O Nono Passo do Alcoólicos Anônimos: Reparação, Reconciliação e Transformação Ética

22/08/2025

O Nono Passo do Alcoólicos Anônimos: Reparação, Reconciliação e Transformação Ética

Por Raique Almeida

 

            O Nono Passo dos Alcoólicos Anônimos (AA) é formulado da seguinte maneira: “Fizemos reparações diretas de tais danos sempre que possível, salvo quando fazê-lo pudesse prejudicar a eles ou a outrem” (ALCOÓLICOS ANÔNIMOS, 2001). Esse passo é a concretização prática do Oitavo, em que se fez a lista das pessoas prejudicadas. Aqui, o movimento exige uma ação efetiva, colocando o dependente em contato real com as consequências de seus atos e convidando-o à responsabilidade e à reconciliação.

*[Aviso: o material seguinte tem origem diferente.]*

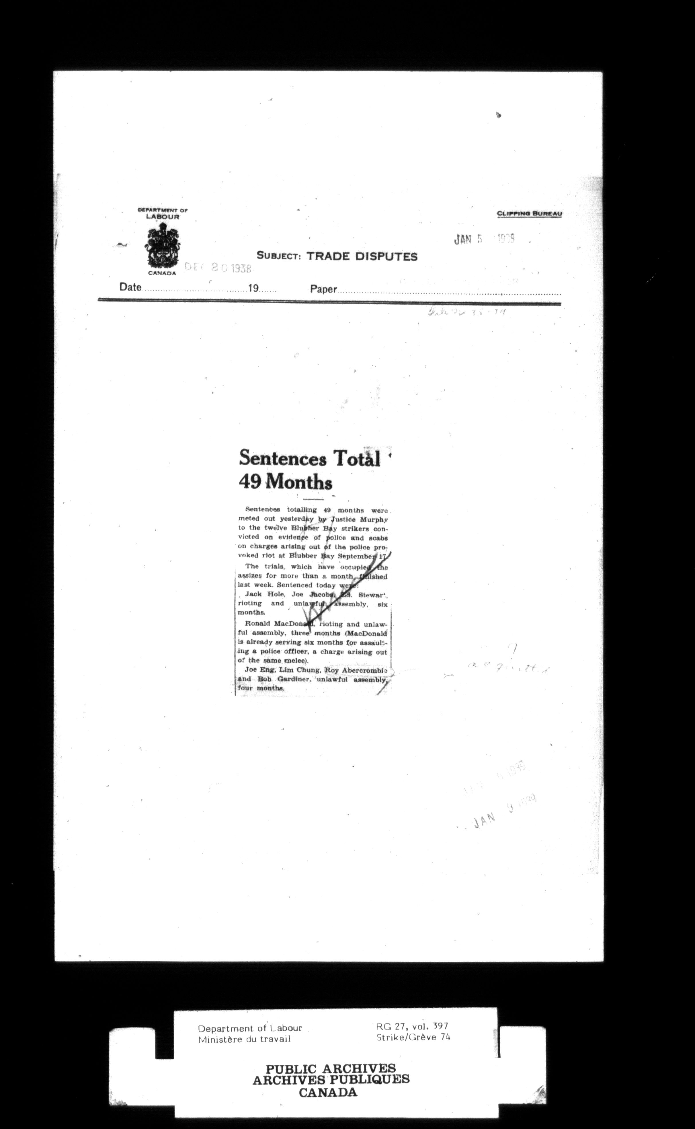 Department of Labour, Economics and Research Branch : Strikes and lockout files - 3005
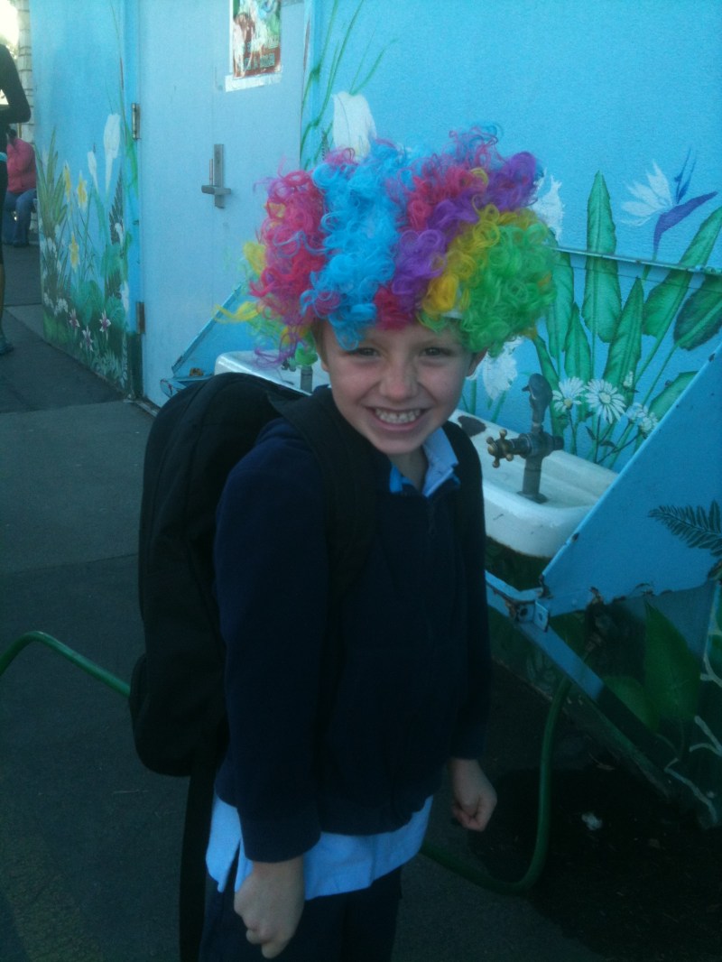 DAH DAH DAHDAHDAHDAH DAH DAH RedRibbonWeek… T sported his new “Rainbow Afro Circus” wig this Thursday at school for crazy hair Day during Red Ribbon Week 2012. While he was the only one in his class with this wig, others on campus had them. I guess the release of Madagascar 3 a couple of Tuesdays ago helped a lot of us parents out with a mess-free crazy hair day option (and for putting away an early holiday present of the movie, too!).

            A reparação direta, proposta pelo Nono Passo, vai além de um pedido verbal de desculpas. Segundo Pechansky e Szobot (2002), a dependência química provoca danos múltiplos no âmbito familiar e social, de ordem emocional, material e espiritual. Nesse sentido, a reparação constitui não apenas uma restituição concreta, mas também um exercício ético, de reconstrução da confiança e de reinserção social. É uma prática que simboliza o amadurecimento do indivíduo em processo de recuperação, ao assumir-se como sujeito responsável pelas consequências de sua história.

            Sob a ótica psicológica, Carl Rogers (1997) afirma que o encontro humano se dá a partir da autenticidade e da congruência. O ato de reparar é congruente quando parte de uma postura sincera, livre de manipulações, sustentada pelo desejo genuíno de restaurar a dignidade do outro e a própria. Nesse processo, o dependente deixa de agir de modo egocêntrico e passa a reconhecer o outro como sujeito de direitos e de valor. Essa mudança de perspectiva é, em si, terapêutica.

            A espiritualidade, fundamental na filosofia dos 12 Passos, também ilumina o Nono Passo. Para Boff (2000), o cuidado e a compaixão são categorias éticas que sustentam as relações humanas. Reparar danos é, portanto, um ato de cuidado ampliado, que permite ao sujeito reatar laços comunitários e resgatar sua dignidade. A reconciliação, nesse contexto, transcende a relação interpessoal e alcança a dimensão espiritual, sendo vivida como libertação e renovação interior.

            Por outro lado, é importante destacar o discernimento previsto no passo: a reparação deve ser feita sempre que possível, salvo quando o ato puder causar novos prejuízos. Isso implica uma ética da prudência, pois nem toda reparação é viável ou saudável. Em alguns casos, a busca por reconciliação pode reabrir feridas ou provocar situações de risco, de modo que a prudência deve guiar o processo (ALCOÓLICOS ANÔNIMOS, 2001).

            O Nono Passo, portanto, não se resume a um gesto isolado de reparação, mas a um estilo de vida que coloca o indivíduo em um caminho de constante responsabilidade e transformação ética. Ao buscar a reconciliação, o membro do AA reconstrói laços rompidos e fortalece sua identidade em recuperação, tornando-se capaz de ressignificar o passado e projetar um futuro mais saudável, digno e solidário.

 

Referências

ALCOÓLICOS ANÔNIMOS. Os Doze Passos e as Doze Tradições. São Paulo: JUNAAB, 2001.

BOFF, Leonardo. Saber Cuidar: Ética do humano – compaixão pela Terra. Petrópolis: Vozes, 2000.

PECHANSKY, Flavio; SZOBOT, Claudia Maria. Impacto da dependência química na família e no indivíduo. Revista Brasileira de Psiquiatria, v. 24, supl. 1, p. 70-73, 2002.

ROGERS, Carl. Tornar-se Pessoa. São Paulo: Martins Fontes, 1997.